A jovem guaçuiense sempre teve gosto por política. Filha de chefe político e irmã de Geraldo Viana, que posteriormente se tornou deputado, Emiliana era contra regimes ditatoriais. Em entrevistas, costumava frisar a importância do Estado democrático. "Eu gosto de eleições, elas me dão uma sensação fora do comum. E quanto mais luta, melhor", disse ao Jornal O Cruzeiro, em 1950.

Hotel de Emiliana Emery, palco de reuniões e discussões políticas em Guaçuí. (Arquivo Pessoal/Reprodução Instituto Histórico e Geográfico de Guaçuí)

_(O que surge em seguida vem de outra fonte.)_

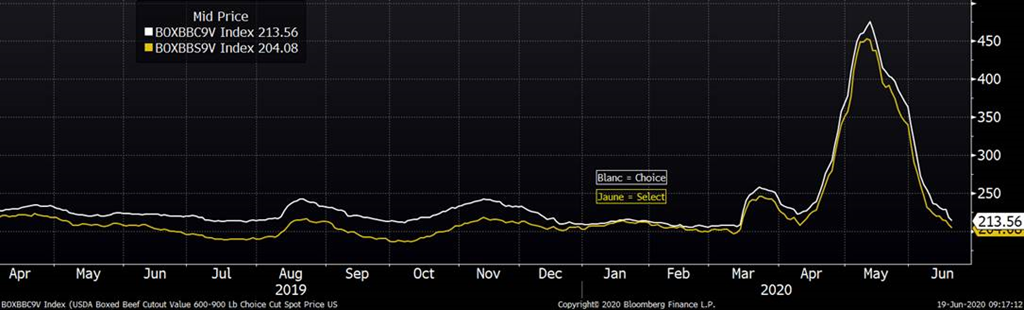 Le rapport hebdomadaire sur les exportations continue de montrer qu'à court terme, les volumes d'exportation de viande bovine restent limités. Il s'agit d'une fonction des prix extrêmement élevés qui ont prévalu en mai, limitant l'offre qui a été vendue pour l'exportation vers les principaux marchés d'Asie et d'Amérique du Nord. La semaine dernière, les exportations de viande bovine ont atteint 8 464 tonnes métriques, en baisse de 21% par rapport aux quatre semaines précédentes et de 56% de moins qu'il y a un an. Les prix records de mai ont considérablement rationné à la fois les dômes c et la demande d'exportation en raison de l'offre fortement limitée et de l'incertitude sur les niveaux d'abattage en juin et au-delà. L'abattage a repris et la production de bœuf la semaine dernière était en fait plus élevée qu'il y a un an. Le manque d'activités d'exportation et domestique a poussé plus de produits sur le marché au comptant et fait baisser les prix du bœuf. La découpe de bœuf Choice mercredi soir était en baisse de 10 $ / 100 lbs. Néanmoins, il semble que les bas prix actuels génèrent beaucoup d'intérêt et entraînent une hausse significative des ventes à l'exportation. Pour la deuxième semaine consécutive, les ventes nettes à l'exportation de bœuf ont dépassé 20 000 tonnes. Les ventes nettes vers la Corée du Sud se sont élevées à 8 848 tonnes après 7 211 tonnes vendues la semaine précédente. L'année dernière, les expéditions hebdomadaires à l'exportation vers la Corée du Sud en juillet étaient en moyenne de 4600 TM/semaine et les expéditions d'août en moyenne de 4200 TM. Si les ventes des deux dernières semaines se maintiennent, nous nous attendons à une amélioration notable des exportations vers la Corée du Sud en juillet et août. Les ventes au Mexique, au Canada et en particulier à Hong Kong ont été nettement supérieures à celles des quatre semaines précédentes. La tendance des ventes à l'exportation de bœuf est plus élevée, ce qui suggère que davantage de produits seront acheminés vers les circuits d'exportation en juillet et août.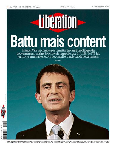 23h02 - Manuel Valls sera à la une de Libération daté du 30 mars 2015 sous le titre "Battu mais content". Le quotidien ironise sur la défaite de la gauche qui ne va pas entraîner de "remise en cause de la politique du gouvernement.

Foi no hotel de Dona Emiliana onde aconteceram reuniões políticas importantes da cidade. O local era frequentado por homens poderosos, entre eles, Nestor Gomes, presidente de Estado do Espírito Santo - cargo que existia na época. Segundo Moulin, ele gostava de ouvir a opinião firme da guaçuiense.

Na época, Emiliana liderava um movimento de emancipação de Guaçuí, então distrito de Veado, e pertencente a Alegre.  Para isso, viajou à capital para encontros políticos, com demandas de sua terra.

Aspas de citação

Ela foi mãe da independência de Guaçuí. Participou ativamente do processo, promoveu debates, encaminhou pedidos, fez reuniões

Luiz Moulin
Historiador
Aspas de citação

Em um destes encontros, Nestor Gomes garantiu que daria liberdade ao município. E deu. A emancipação veio em 1928, um ano antes de Emiliana conquistar o direito de voto.

Emiliana Emery recebendo o governador de São Paulo, Ademar de Barros, em Guaçuí. (Arquivo Pessoal/Reprodução Instituto Histórico e Geográfico de Guaçuí)

DIREITO A VOTO

Emiliana nunca aceitou ter mais obrigações do que direitos. Por isso, o fato de não poder votar a incomodava. "Ela falava que só seria uma cidadã completa com o título de eleitor na mão", lembra Lucia Emery, neta de Emiliana.

O sufrágio (direito de votar) feminino já tinha sido aprovado em outros países, mas no Brasil, o direito ao voto ainda fazia parte das demandas das mulheres. Em 1929, Emiliana se tornou a terceira mulher brasileira e primeira capixaba a conquistar, na Justiça, o título de eleitora.

A conquista deu força aos movimentos feministas da época. Três anos depois, a legislação brasileira passou a assegurar o voto feminino. O Código Eleitoral de 1932, elaborado por Getúlio Vargas, dava o direito de votar a "todos os cidadãos maiores de 21 anos, sem distinção de sexo". Um marco na luta das mulheres, que finalmente se tornavam cidadãs pela lei.